> **INSTRUCTIONS FOR THE TASK**:
In the records that follow, find the line containing "回転式の金具を採用しているた" and the line containing "80金,满级神话awp,6把", then transcribe both and every line between them exactly, omitting pictures.

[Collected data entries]
----

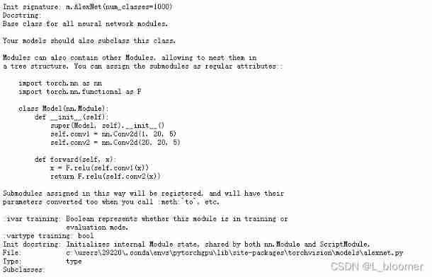 m.alexnet() # take AlexNet The functions of the parent class are included in , Parameter input to the original schema is not allowed , But you can do pre training
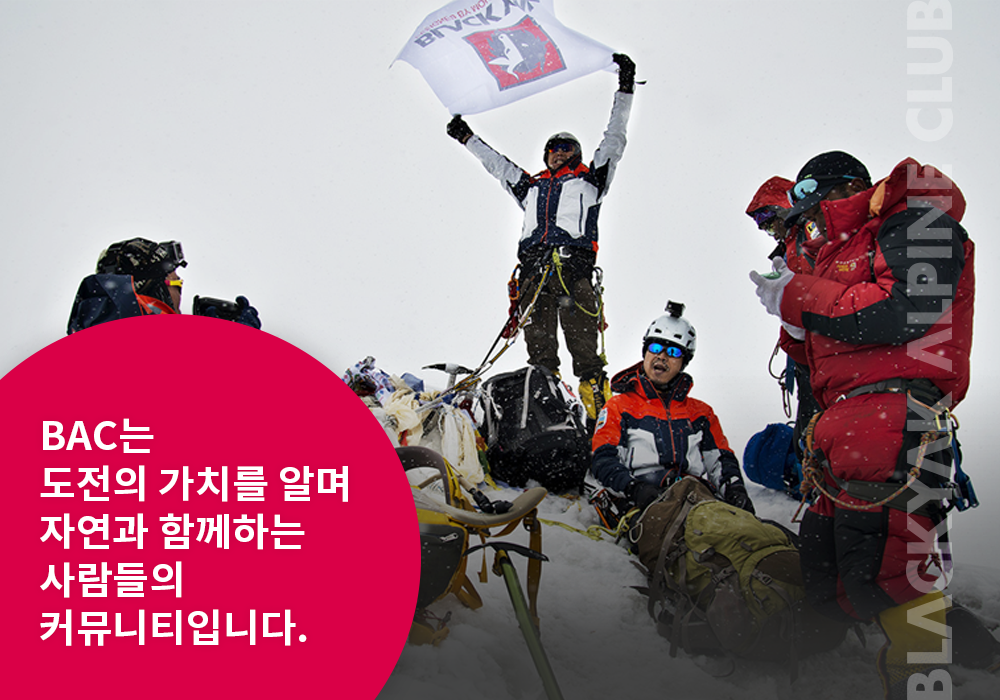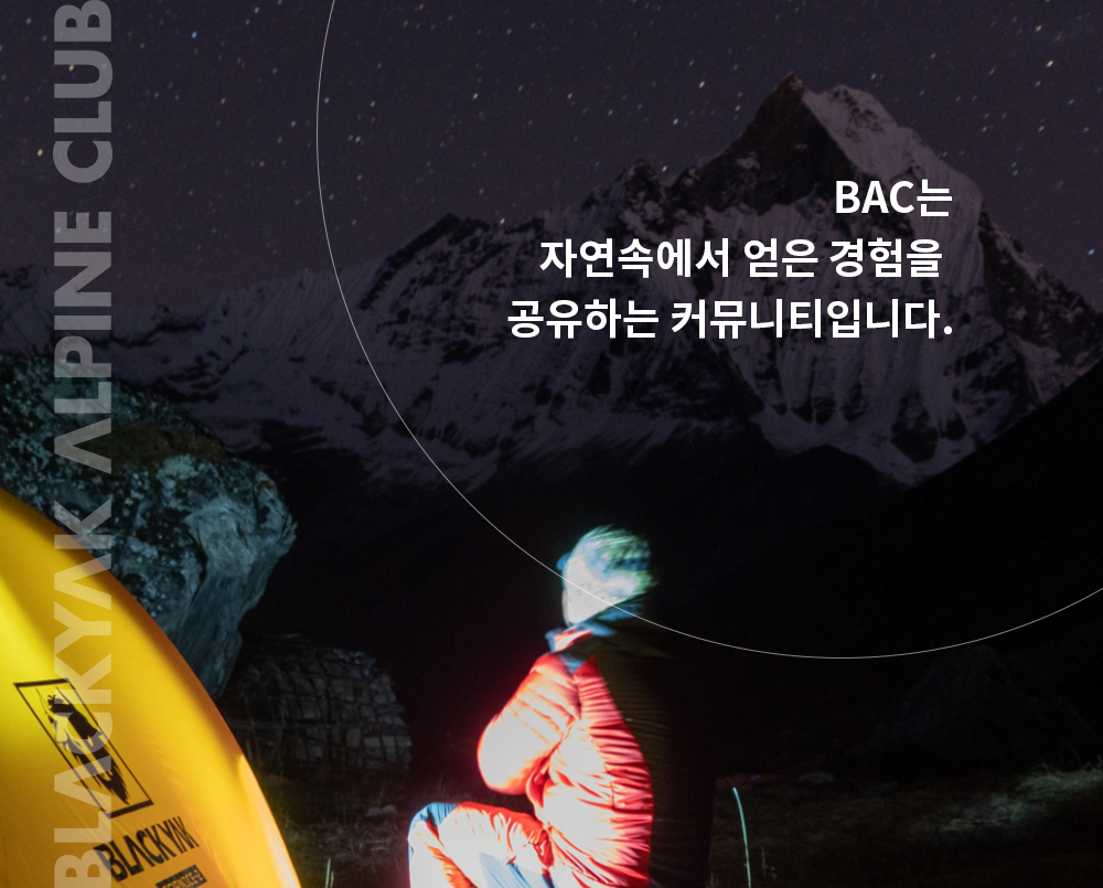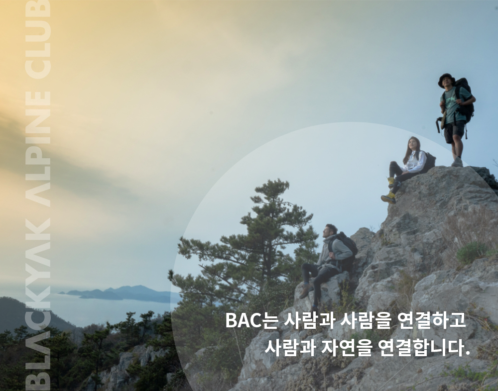 블랙야크는 2013년 BAC(블랙야크 알파인 클럽)의 시초인 ‘마운틴 북’을 론칭했어요. 산을 좋아하는 사람들이 함께 모여 정보를 나누고 아웃도어 활동을 즐길 수 있도록 도모하는 사이트였죠. 실제로 3000여 명의 회원이 순식간에 모였고, 지금의 BAC가 완성되었습니다.
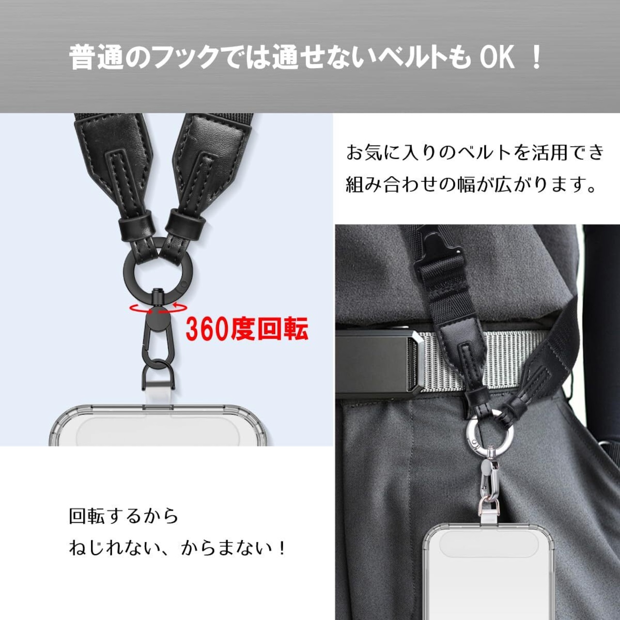 回転式の金具を採用しているため、ストラップが絡まる心配がありません。手軽に取り付けることができ、スマホを安全に持ち運ぶことができます。これ一つでスマホをしっかりと保持しつつ、他の作業も自由に行えます!
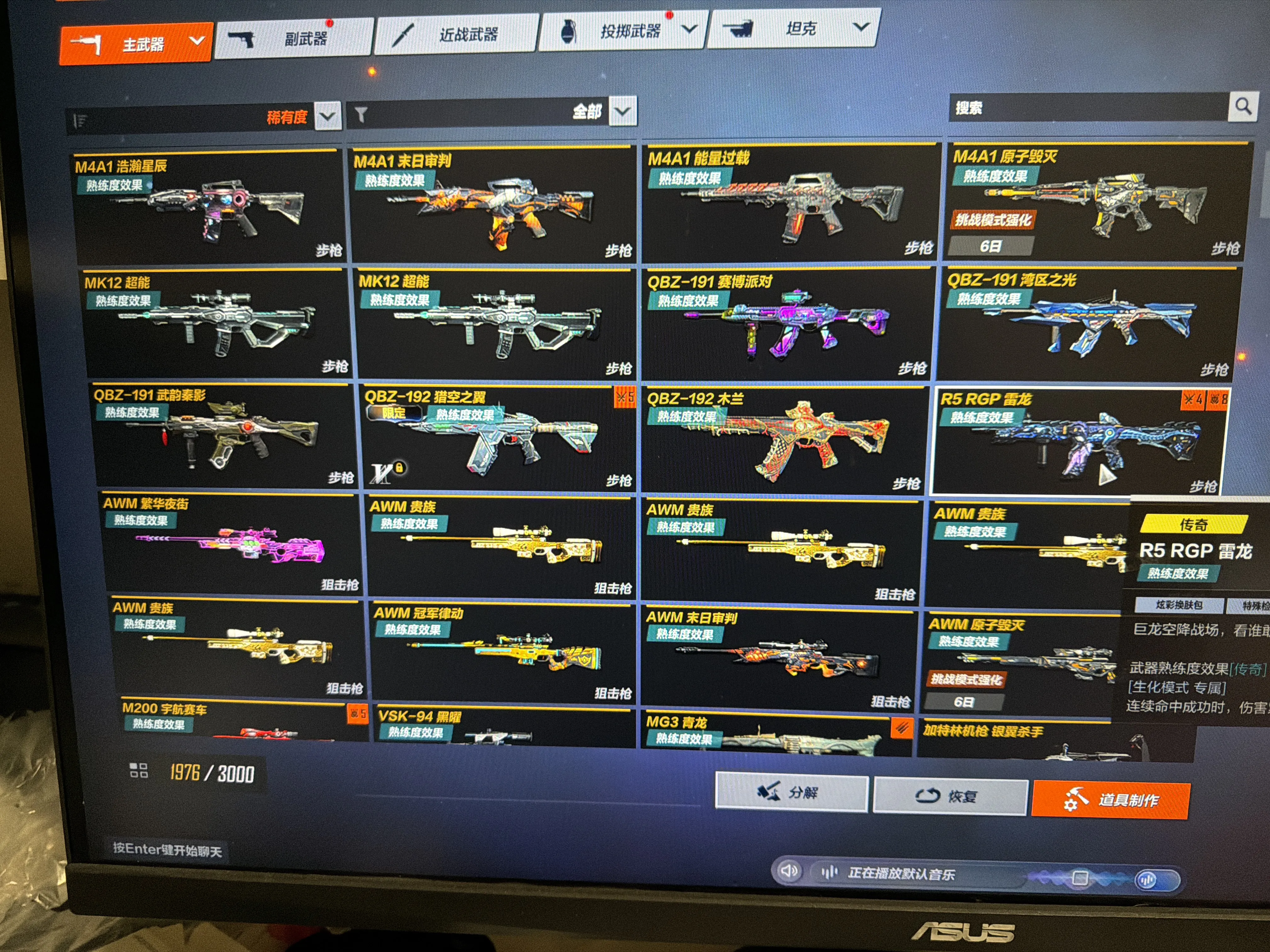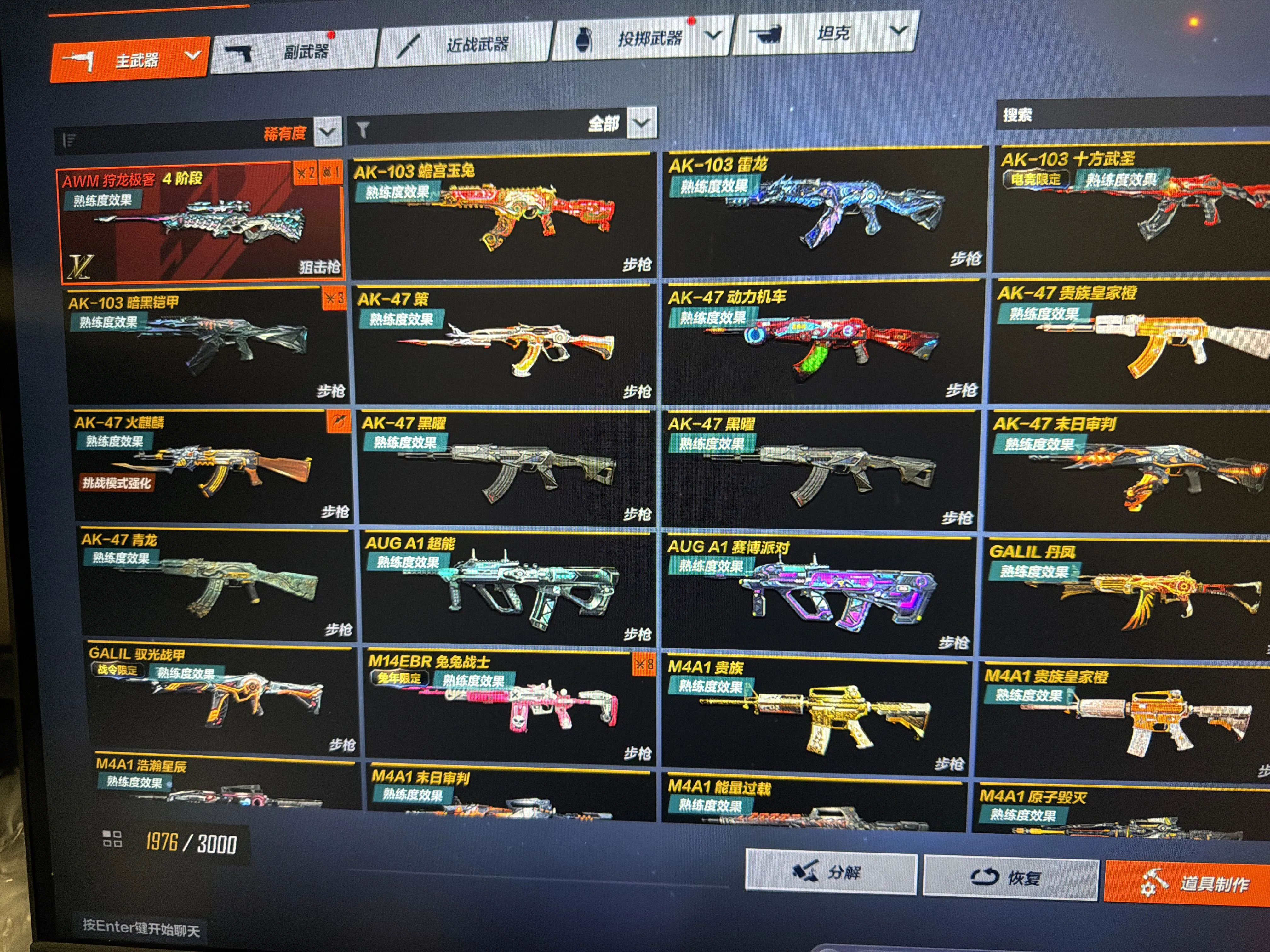 80金,满级神话awp,6把传奇爪刀,生化幽灵满角色,强化佣兵满角色,热门生化枪全部满级,账号已备案
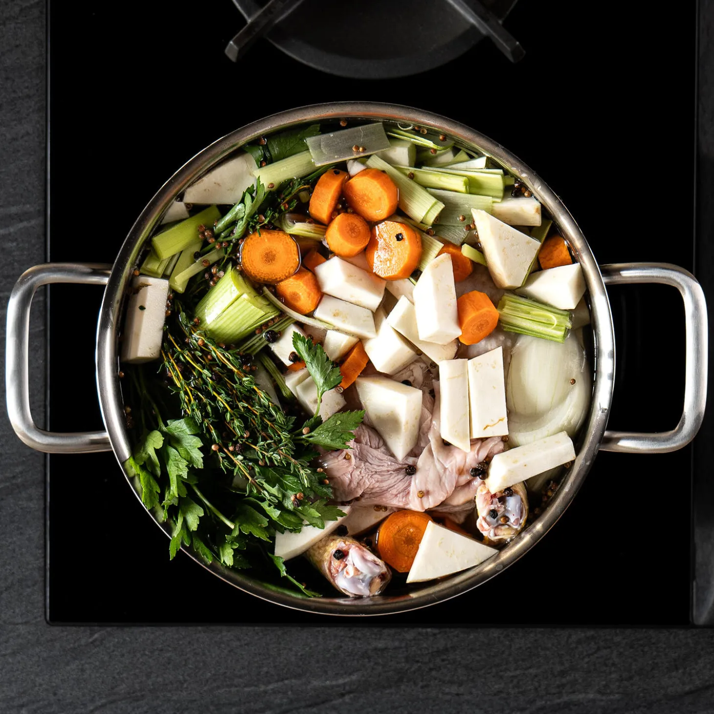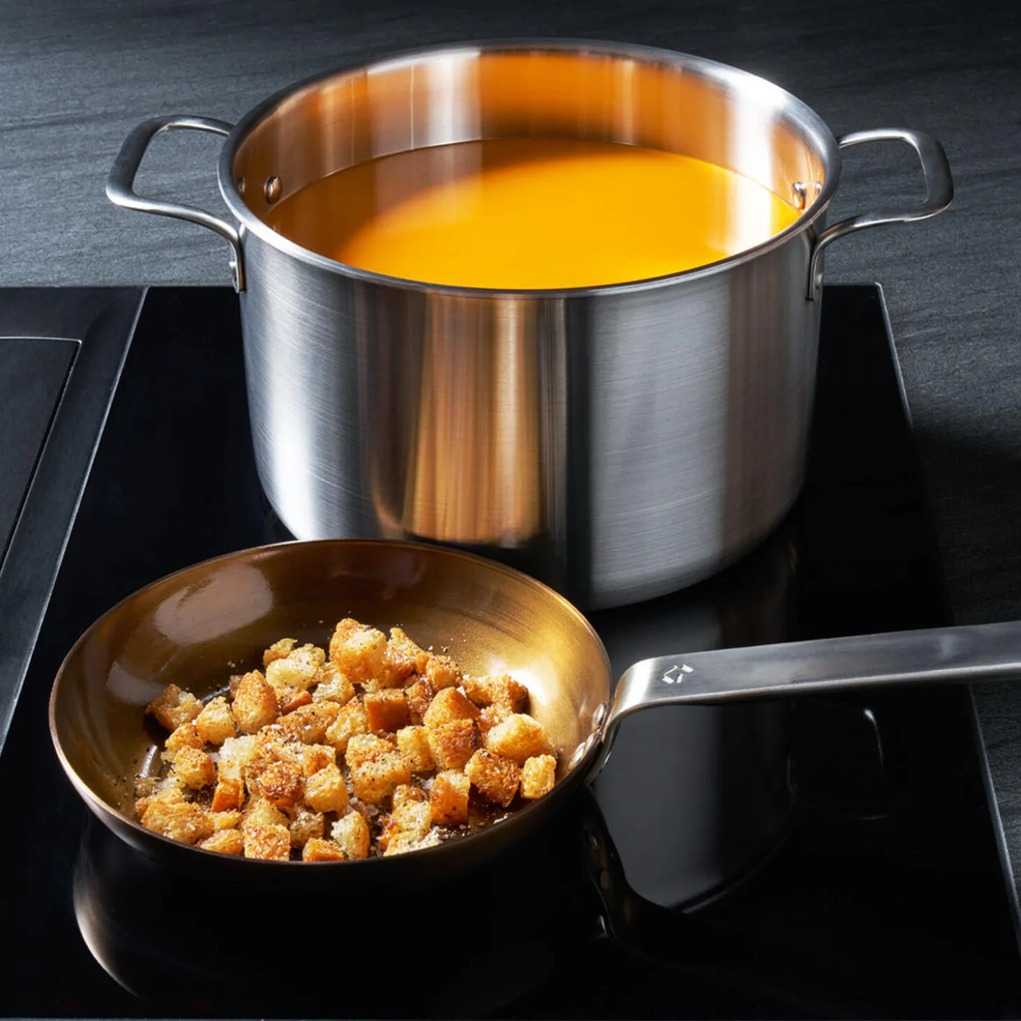 Med 5-ply får du en uopslidelig gryde, der holder hele livet med alle fordelene ved rustfrit stål: lav vedligeholdelse, egnet til alle typer madlavning, og så slipper du for PFAS og andre former for skadelige belægninger, der bliver slidt af med tiden og ender i maden. Ligesom resten af Gastrotools’ 5-ply-serie er gryden håndlavet i Italien på et familieværksted med over 130 års ekspertise, der omhyggeligt producerer hvert stykke køkkenværktøj. Opgrader dit køkken med en gryde i en størrelse, der er perfekt til at koge en hjemmelavet fond, kreere smagfulde supper eller tilberede store gryderetter til hele familien. Gryden har hældekant og giver en utrolig jævn varmefordeling på grund af konstruktionen i fem lag. Derfor undgår du hotspots i bunden af din gryde, der kan resultere i skilte saucer, brændt mad og ujævn tilberedning. Brug og pleje: Tåler opvaskemaskine og ovn op til 300 grader. Kompatibel med alle varmekilder, også induktion. Varm gryden op på middel varme.

----

> **SOLVED EXERCISE**:
 回転式の金具を採用しているため、ストラップが絡まる心配がありません。手軽に取り付けることができ、スマホを安全に持ち運ぶことができます。これ一つでスマホをしっかりと保持しつつ、他の作業も自由に行えます!
 80金,满级神话awp,6把传奇爪刀,生化幽灵满角色,强化佣兵满角色,热门生化枪全部满级,账号已备案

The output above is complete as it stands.